The EtherCAT Technology Group (ETG) today announced the release of the new ETG.5003-1 device standard for the semiconductor industry. With the ETG.5003-1 standard and its corresponding nine specific device profiles, the ETG now provides the ideal starting point for a new generation of tools in the semiconductor industry, breaking ground for dramatic new developments within the industry as a result.

The release of the new device profiles ensures that EtherCAT will be used for far more than just motion control, I/O, sensors and gateways in semiconductor manufacturing machines. From now on industry specific devices such as mass flow controllers or vacuum valves can be implemented directly into the EtherCAT system. On the technical side of this process, Florian Häfele supervises the ETG Semiconductor Technical Working Group and explains: “Since the release of the device profiles developed in 2012, we responded to machine builders’ demands to establish EtherCAT in the semiconductor industry as well to facilitate the creation of new industry-specific devices. We expect that EtherCAT will be found in nearly all tools, at the very latest when the 450 millimeter wafer diameter standard has been adopted for all semiconductor manufacturing machines.”
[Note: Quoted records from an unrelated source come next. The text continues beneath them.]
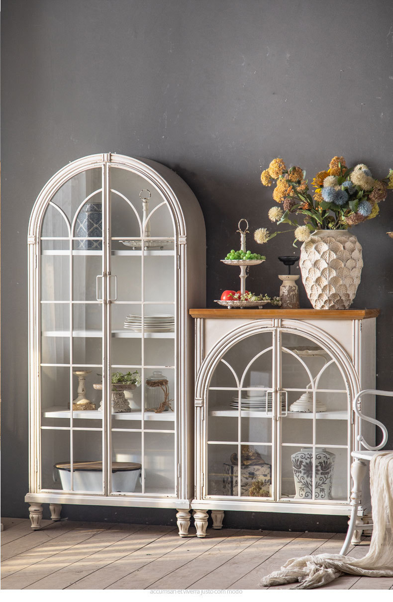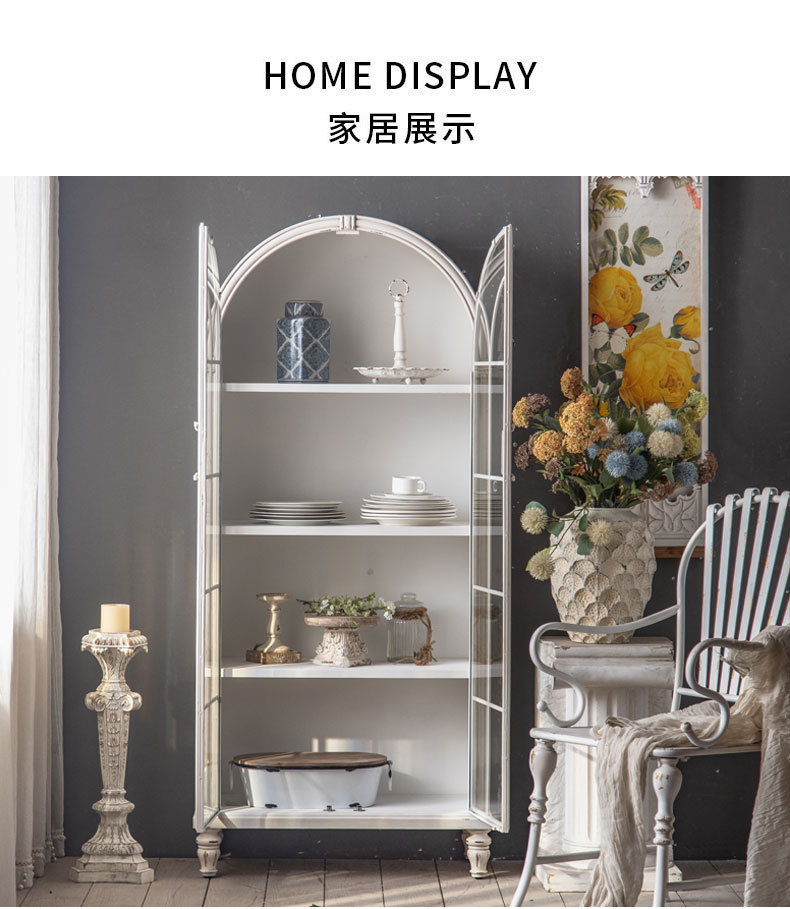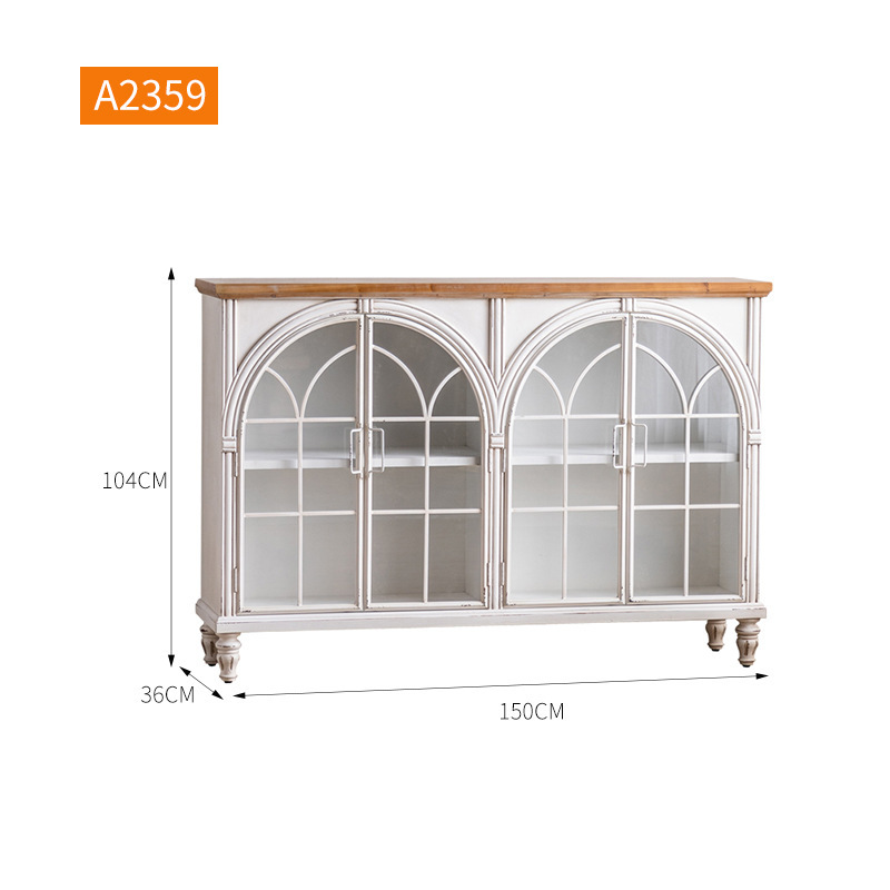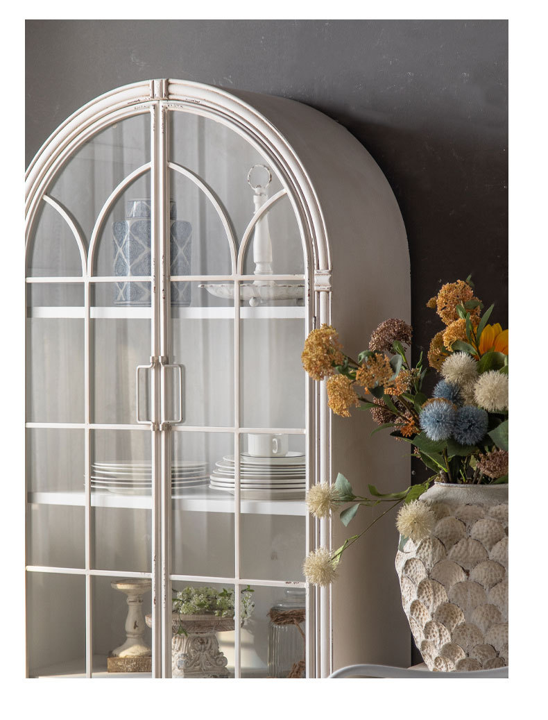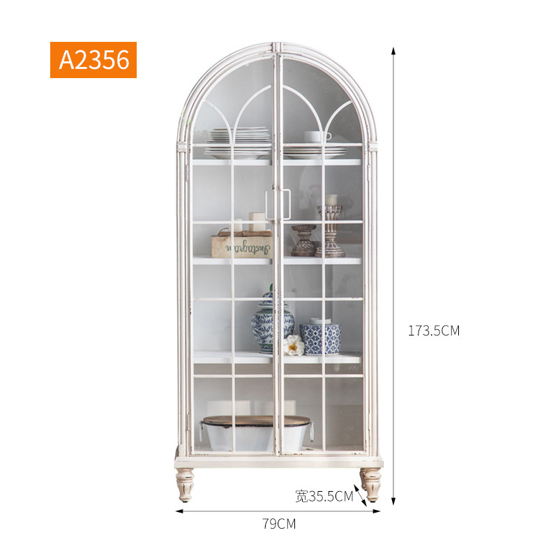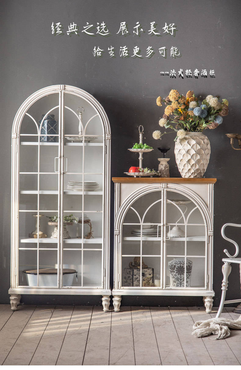프랑스 아치 도어 보관 캐비닛 주방 유리 도어 보관 찬장 쇼핑몰 상점 빈티지 와인 디스플레이 캐비닛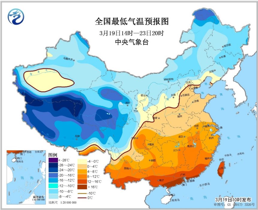 張濤:這次冷空氣過程體現出降溫幅度大和影響范圍廣的主要特點。由于前期氣溫較高,在這次天氣過程中,各地基礎氣溫不會太低,氣溫變化帶來的影響較大,但公眾感覺的寒冷程度不會太大。中央氣象臺已于3月19日10時發布寒潮藍色預警,提醒公眾注意氣溫變化。
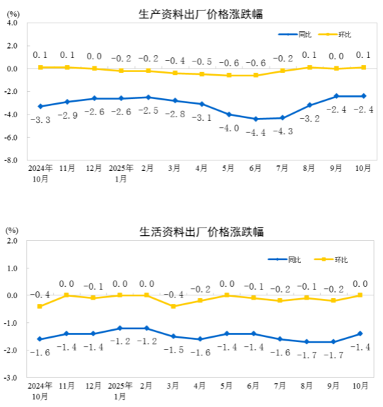 2025年10月份,全國工業(yè)生產(chǎn)者出廠價格同比下降2.1%,降幅比上月收窄0.2個百分點;環(huán)比由上月持平轉(zhuǎn)為上漲0.1%。工業(yè)生產(chǎn)者購進(jìn)價格同比下降2.7%,降幅比上月收窄0.4個百分點;環(huán)比上漲0.1%,漲幅與上月相同。1—10月平均,工業(yè)生產(chǎn)者出廠價格比上年同期下降2.7%,工業(yè)生產(chǎn)者購進(jìn)價格下降3.2%。

The new profile, ETG.5003-1 (Common Device Profile = CDP) describes the general requirements for devices that are published within the specification series ETG.5003. At the moment this concerns nine different device types which are defined in the so-called Specific Device Profiles (SDP). Together with the CDP they provide the starting point for a new generation of devices with which more advanced machines of the future will be designed. The benefits of the new standard are as simple as they are compelling: From the view of EtherCAT even devices from different manufacturers are now equal regarding their data structures and synchronization modes. This makes replacement and handling easier and significantly more understandable for tool manufacturers. Additionally, the industry-specific devices will get a more unique look and feel as a result.

That the profiles were finished in a relatively short amount of time was due in large part to the strong commitment within the semiconductor industry: companies like Applied Materials, Lam Research and Tokyo Electron not only participated actively in the specification process, but also encouraged their device suppliers to take part in the ETG Semiconductor Technical Working Group.